→ PROVIDED DATA:
# # # #

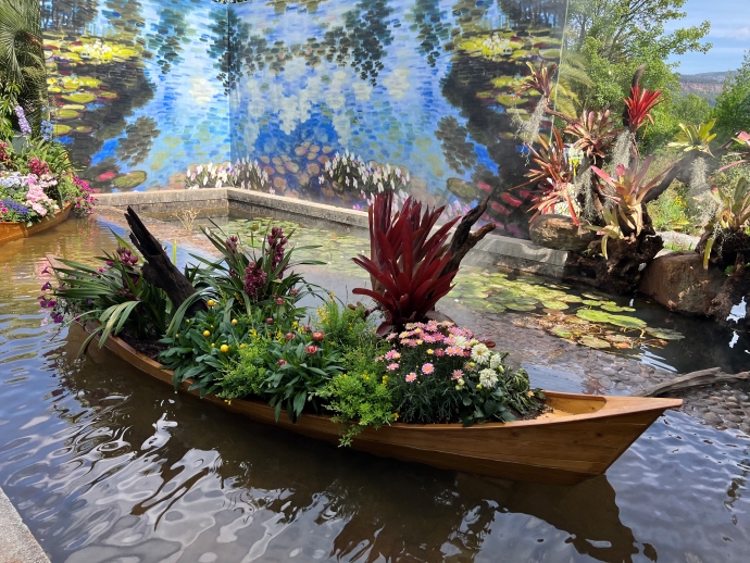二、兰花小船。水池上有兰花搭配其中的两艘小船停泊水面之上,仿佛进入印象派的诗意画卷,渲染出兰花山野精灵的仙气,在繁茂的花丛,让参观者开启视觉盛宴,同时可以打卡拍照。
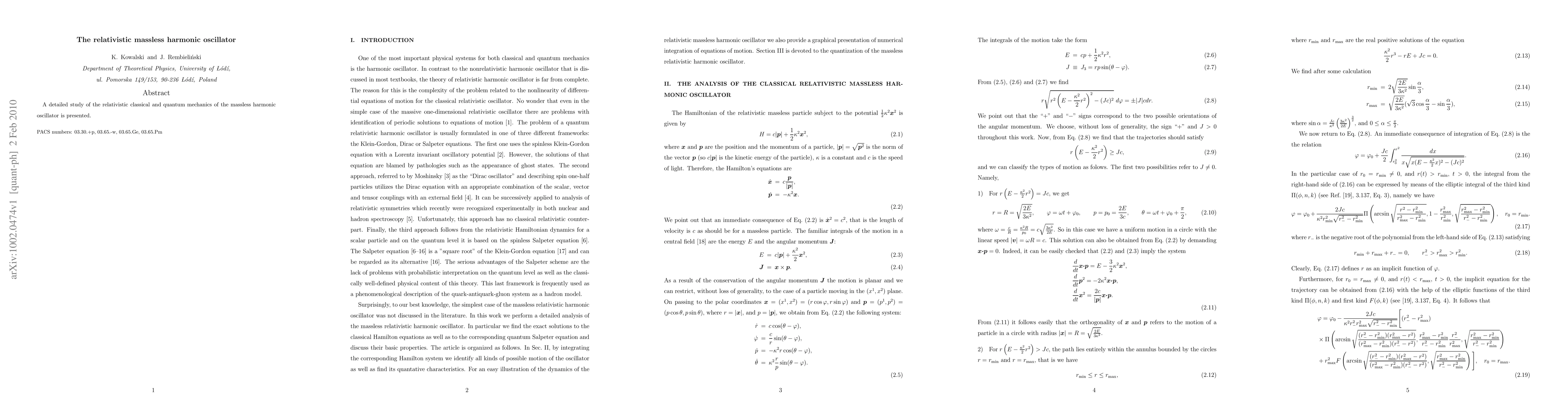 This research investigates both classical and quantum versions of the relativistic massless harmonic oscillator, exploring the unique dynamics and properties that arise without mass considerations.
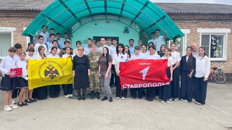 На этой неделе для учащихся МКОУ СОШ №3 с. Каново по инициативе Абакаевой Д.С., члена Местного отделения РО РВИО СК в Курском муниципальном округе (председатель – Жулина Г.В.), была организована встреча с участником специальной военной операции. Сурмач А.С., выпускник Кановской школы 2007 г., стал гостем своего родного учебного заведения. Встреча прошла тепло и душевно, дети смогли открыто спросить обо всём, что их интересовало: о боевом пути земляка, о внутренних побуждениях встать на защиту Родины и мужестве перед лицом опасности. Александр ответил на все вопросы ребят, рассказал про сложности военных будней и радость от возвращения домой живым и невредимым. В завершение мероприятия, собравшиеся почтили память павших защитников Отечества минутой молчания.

# # # #

→ EXERCISE DETAILS: Return every line shown above without changing a word, and skip the pictures.

→ OUTPUT BELOW:
二、兰花小船。水池上有兰花搭配其中的两艘小船停泊水面之上,仿佛进入印象派的诗意画卷,渲染出兰花山野精灵的仙气,在繁茂的花丛,让参观者开启视觉盛宴,同时可以打卡拍照。
 This research investigates both classical and quantum versions of the relativistic massless harmonic oscillator, exploring the unique dynamics and properties that arise without mass considerations.
 На этой неделе для учащихся МКОУ СОШ №3 с. Каново по инициативе Абакаевой Д.С., члена Местного отделения РО РВИО СК в Курском муниципальном округе (председатель – Жулина Г.В.), была организована встреча с участником специальной военной операции. Сурмач А.С., выпускник Кановской школы 2007 г., стал гостем своего родного учебного заведения. Встреча прошла тепло и душевно, дети смогли открыто спросить обо всём, что их интересовало: о боевом пути земляка, о внутренних побуждениях встать на защиту Родины и мужестве перед лицом опасности. Александр ответил на все вопросы ребят, рассказал про сложности военных будней и радость от возвращения домой живым и невредимым. В завершение мероприятия, собравшиеся почтили память павших защитников Отечества минутой молчания.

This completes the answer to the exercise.